Detailed Description

Complete technical specification and implementation details from the patent document.

This application relates to the technical field of image processing, and particularly relates to an image recognition method, an electronic device and a non-transitory computer-readable storage medium.

With the development of electronic technology, the image recognition is widely used in various industries, such as detecting target objects from surveillance videos, recognizing and classifying targets in images, etc. In order to improve the efficiency of image recognition, an image can be recognized by an image recognition model to obtain an image recognition result. It will be appreciated that, before using an image to identify a model, it is usually necessary to construct an initial model and to train the initial model, and the trained model can be used to identify an image after the training is completed. The higher the accuracy of the trained model is, the higher the accuracy of the image recognition result obtained by image recognition by the model is.

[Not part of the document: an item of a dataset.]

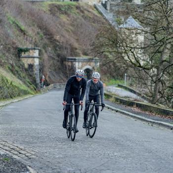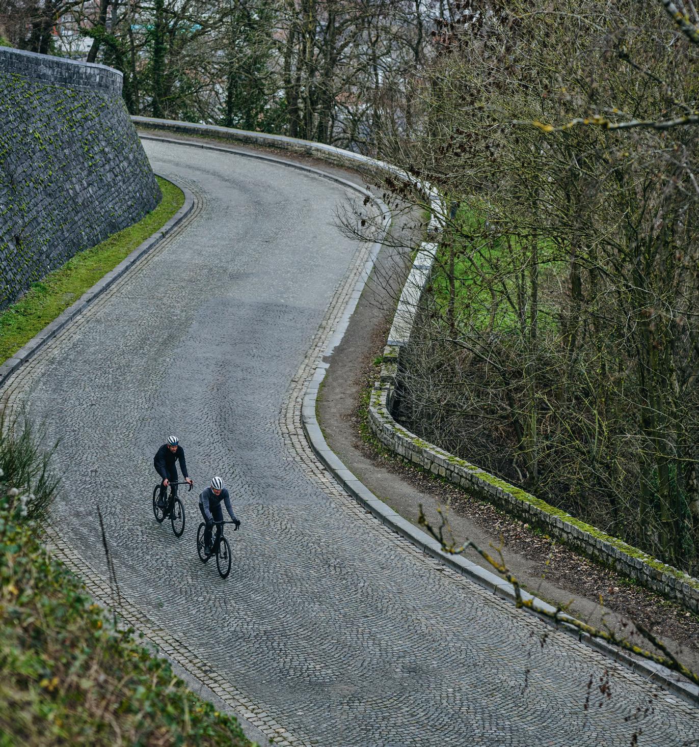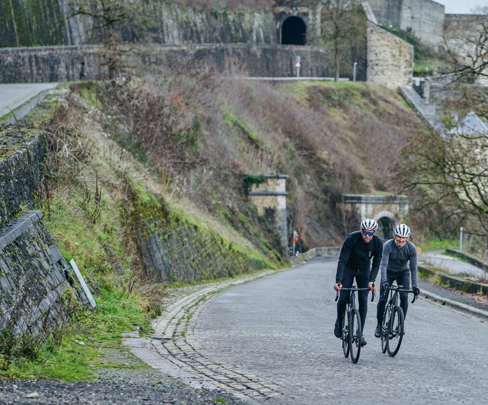 plannetje mee, een gps aan het stuur en een noodnummer voor in geval van. Uit de drie borden met stukken van het Gold Race-parcours kiezen we optie drie. Bij het vertrek kabbelt de Geul ijzig kalm voorbij. Het is nauwelijks voor te stellen dat dit onschuldige riviertje de Valkenburgse binnenstad in 2021 overstroomde en dat het wassende water op één na alle bruggen stuksloeg.

The technique of using Marked Auto-Encoder (MAE) training method on a convolution network is mainly the next generation convolution network version 2. The technique adopts a full convolution network structure, which results in a complex convolution network structure of an encoder and is not conducive to the deployment of edge-end devices. In addition, the fine-grained features are not paid enough attention by the non-editing network. The decoder also fails to solve the long-distance dependence relationship between global features and local features, which ultimately leads to low accuracy of the decoder. Therefore, there is a lack of an image recognition model that can recognize the target objects from the images more accurately.

In view of the above-mentioned problems, this application provides an image recognition method, an electronic device and a non-transitory computer-readable storage medium for solving the problems existing in the prior art that there is a lack of an image recognition model that can recognize target objects from images more accurately.

In one aspect, the present application provides an image recognition method. The image recognition method includes inputting an image to be recognized into an image recognition model including an encoder and a detection head; processing the image to be recognized by the encoder to obtain a plurality of target fusion feature maps with different scales; and recognizing the target fusion feature map by the detection head to obtain an image recognition result of the image to be recognized.

In an optional manner, the encoder includes a first convolution layer, a plurality of second convolution layers connected in cascade, a first feature fusion layer and a second feature fusion layer. The first convolution layer is connected to the second convolution layer, and the second convolution layer is connected to the first feature fusion layer. The first fusion layer is connected to the second fusion layer, and the second feature fusion layer is connected to the decoder, wherein the convolution kernel size and the step size of the first convolution layer are the same.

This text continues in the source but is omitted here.